Whereas identification of H pylori–infected individuals can be undertaken inexpensively, identification of those infected without preneoplasia would be considerably more problematic. Serologic tests, such as pepsinogen and gastrin assays, have sensitivities and specificities that may be too low to be broadly applied in screening.¹³ Selecting to treat those with normal pepsinogen or gastrin assays would not only bypass individuals with intestinal metaplasia—the lesion deemed by Wong and colleagues to be unresponsive to treatment—but also bypass those with atrophic gastritis, a condition that might be responsive; the study does not provide useful information in this group. Identifying individuals who would benefit from treatment by adding endoscopy to screening programs would likely make costs prohibitive in parts of the world where gastric cancer is most common. Thus, the authors' conclusion that endoscopy, biopsy, and H pylori eradication for patients without preneoplasia should be considered in high-risk areas requires much further study and evaluation in local geographic contexts before it can be undertaken.

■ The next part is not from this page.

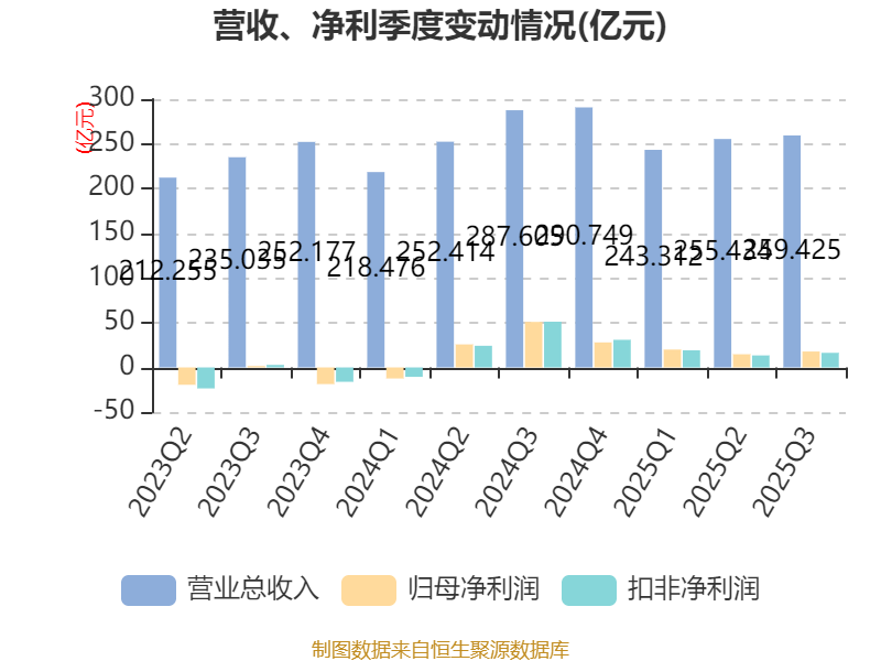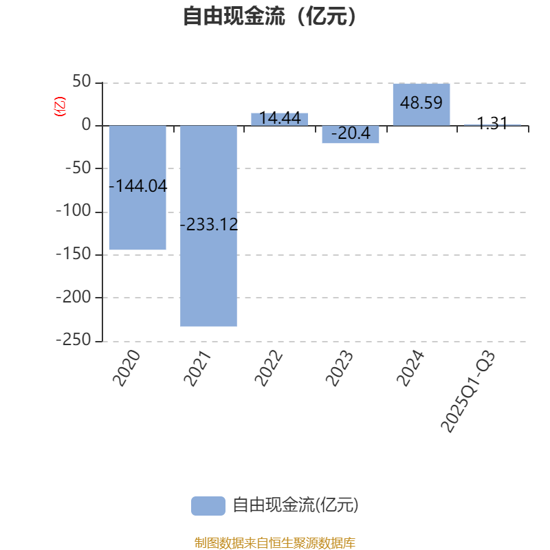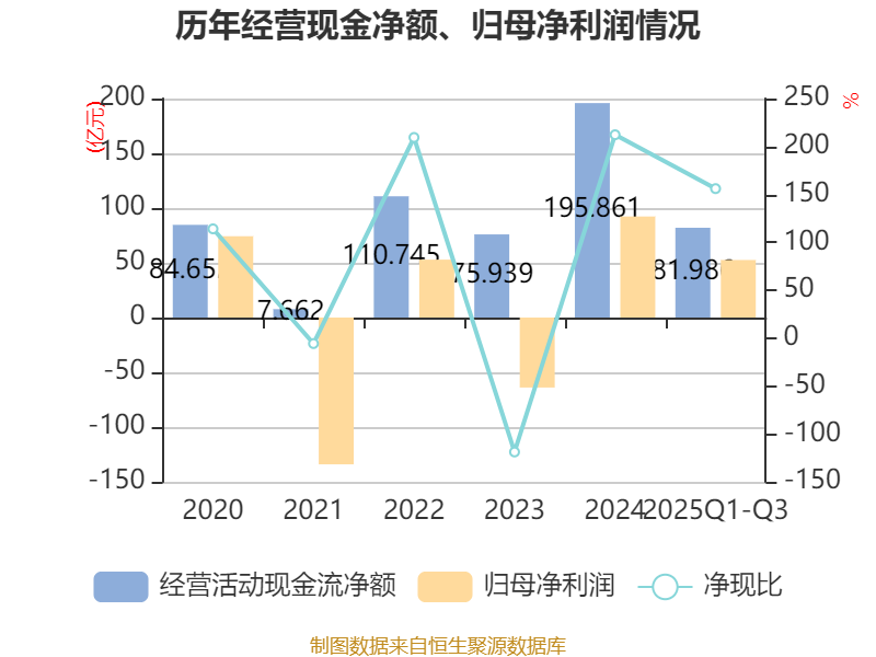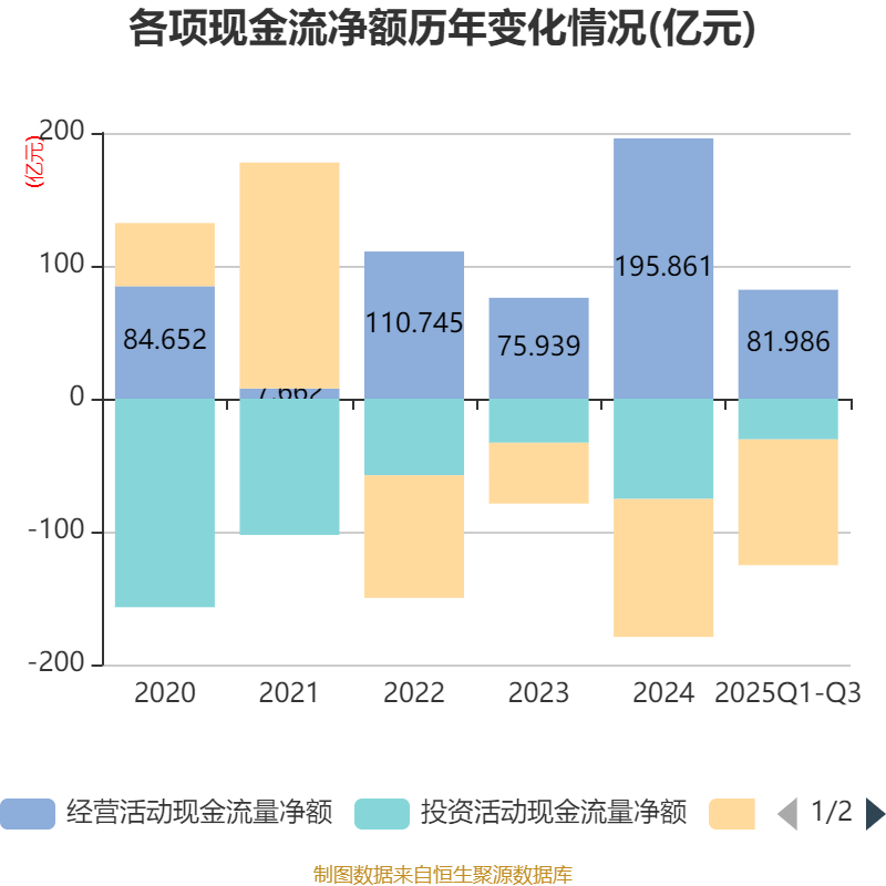 2025年前三季度,公司经营活动现金流净额为81.99亿元,同比下降34.79%;筹资活动现金流净额-94.63亿元,同比减少32.75亿元;投资活动现金流净额-30.62亿元,上年同期为-56.65亿元。

Almost a decade after the IARC evaluation, the report by Wong et al provides the first experimental evidence in humans that H pylori infection causes cancer. If the subgroup analysis is correct, then H pylori may be considered as the preeminent cause of gastric adenocarcinoma. The question of whom to treat, however, remains unanswered. Those in public health are unlikely to be convinced by this study to start the development of H pylori screening programs. It is encouraging that the authors plan to follow up their patients further. With careful follow-up over time, this cohort could reveal an increasing wealth of information. Other trials currently under way, as well as additional cost-effectiveness studies, will supplement these findings. Thus, in 5 to 10 years, the answers to many of these issues may be clear. In the meantime, many patients will come to their physicians asking for screening and myriad others previously diagnosed as having H pylori infection will request treatment. Until more outcomes are available, individual clinicians will continue to do what we have for the past decade: use the very best informed judgment and hope for the best.